» TASK DATA
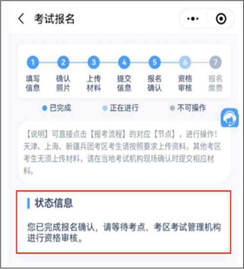 提交報名信息后,考生須在當地考試管理機構規(guī)定時間內,按照規(guī)定的方式進行報名確認。采用現場確認方式的考區(qū),考生須攜帶報名表和相關材料前往指定地點進行報名確認;采用線上確認方式的考區(qū),考生在報名系統中提交報名信息后,等待系統反饋報名確認結果,如提示“確認不通過”,考生須在所在考區(qū)規(guī)定的截止日期前重新上傳報名材料,逾期未重新上傳并提交報名信息的,視為自動放棄本次考試。
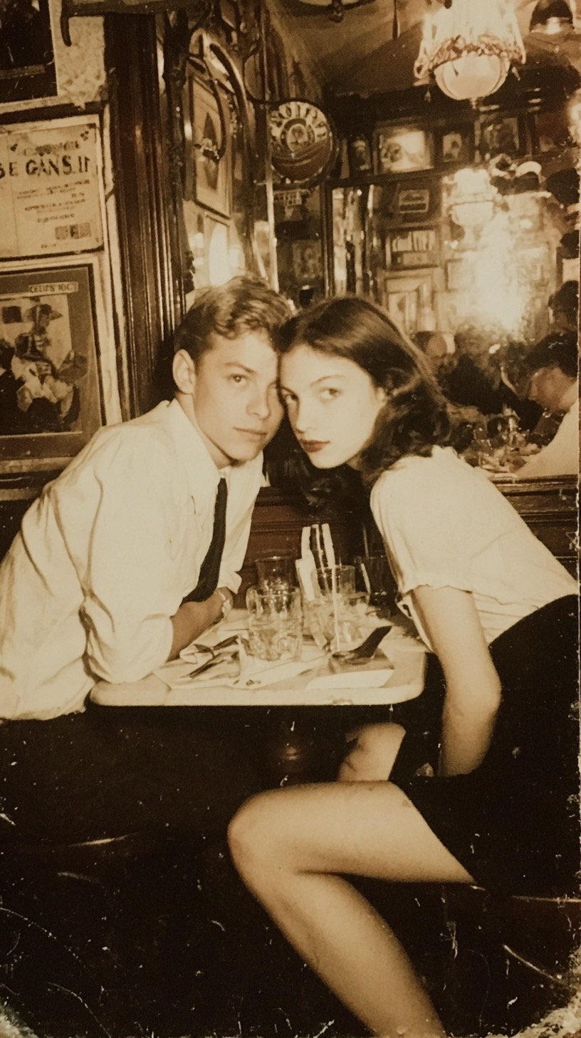 1950s Lo-fi Doo-wop, Vintage Mono recording, Warm vinyl crackle, Muffled vocals, Upright bass, Slow swing, 1950s Love Ballad, Shrill saxophone solo, Melancholic but sweet, Analog saturation, Hissing tape
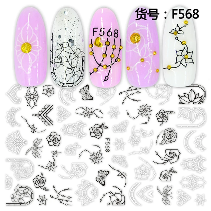 Ногти наклейки настенные украшения с черной полоской с рисунком бабочек и цветов листья самодельные Украшения для ногтей Креативный дизайн водяные знаки наклейки инструмент
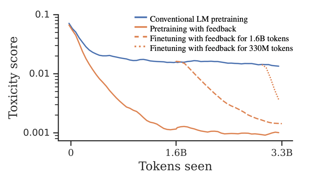 As shown in the figure above, this study suggests that incorporating human preferences from the beginning of training is better than trying to correct undesirable behavior later – Toxicity score is the lowest for the Pretraining with feedback approach.
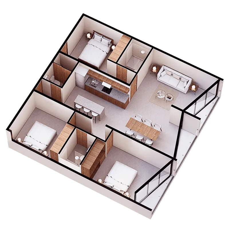 Este módulo es perfecto para aquellos que buscan un espacio amplio para vivir o alquilar, con la flexibilidad del sistema Lock-Off para maximizar el retorno de inversión.
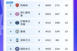 6輪過后,阿森納6戰(zhàn)全勝領(lǐng)跑,基本鎖定前8席位,曼城升至第4,皇馬跌至第7,本菲卡兩連勝靠近附加賽區(qū),重燃晉級希望。
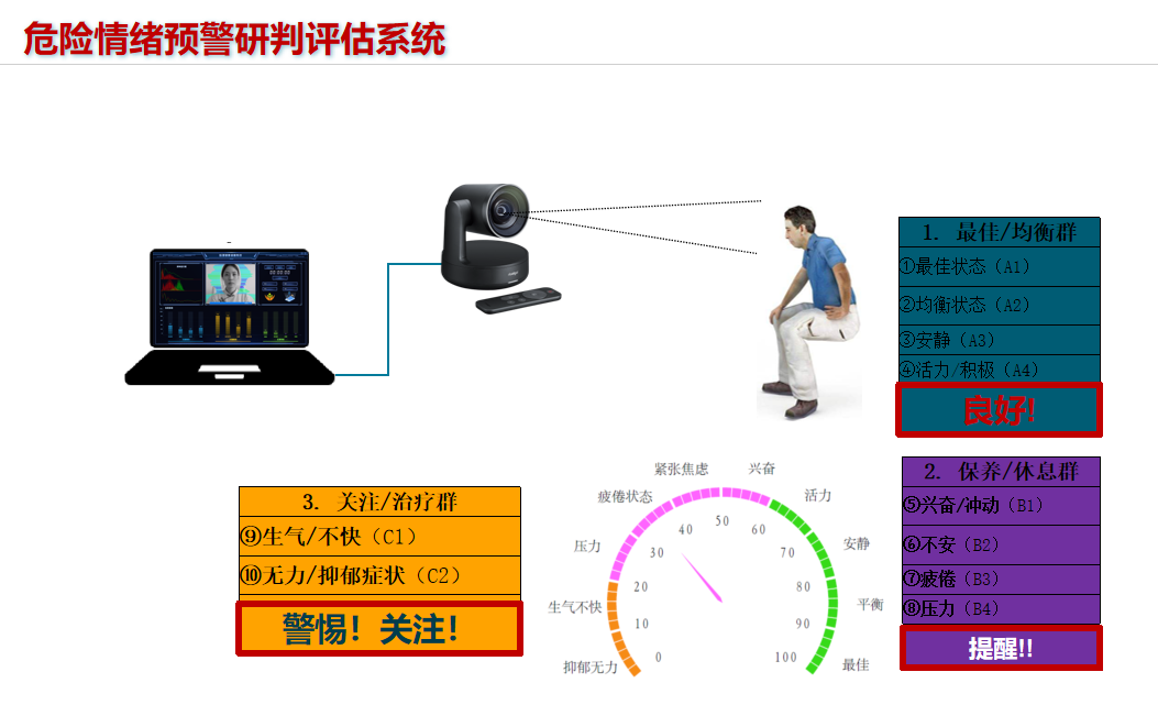 1,系統(tǒng)主動式識別四個(gè)維度的異常情緒狀態(tài),如攻擊性,心理壓力,緊張/焦慮,可疑等,系統(tǒng)最快1-3秒內(nèi)判斷風(fēng)險(xiǎn)評估值,實(shí)時(shí)預(yù)警,實(shí)時(shí)異常人員上傳至數(shù)據(jù)管理平臺。

» DIRECTIONS FOR THIS TASK
Copy exactly the lines from the one containing "1950s Lo-fi Doo-wop, Vintage" to the end of the records, both included, and leave the pictures out.

» YOUR SOLUTION
 1950s Lo-fi Doo-wop, Vintage Mono recording, Warm vinyl crackle, Muffled vocals, Upright bass, Slow swing, 1950s Love Ballad, Shrill saxophone solo, Melancholic but sweet, Analog saturation, Hissing tape
 Ногти наклейки настенные украшения с черной полоской с рисунком бабочек и цветов листья самодельные Украшения для ногтей Креативный дизайн водяные знаки наклейки инструмент
 As shown in the figure above, this study suggests that incorporating human preferences from the beginning of training is better than trying to correct undesirable behavior later – Toxicity score is the lowest for the Pretraining with feedback approach.
 Este módulo es perfecto para aquellos que buscan un espacio amplio para vivir o alquilar, con la flexibilidad del sistema Lock-Off para maximizar el retorno de inversión.
 6輪過后,阿森納6戰(zhàn)全勝領(lǐng)跑,基本鎖定前8席位,曼城升至第4,皇馬跌至第7,本菲卡兩連勝靠近附加賽區(qū),重燃晉級希望。
 1,系統(tǒng)主動式識別四個(gè)維度的異常情緒狀態(tài),如攻擊性,心理壓力,緊張/焦慮,可疑等,系統(tǒng)最快1-3秒內(nèi)判斷風(fēng)險(xiǎn)評估值,實(shí)時(shí)預(yù)警,實(shí)時(shí)異常人員上傳至數(shù)據(jù)管理平臺。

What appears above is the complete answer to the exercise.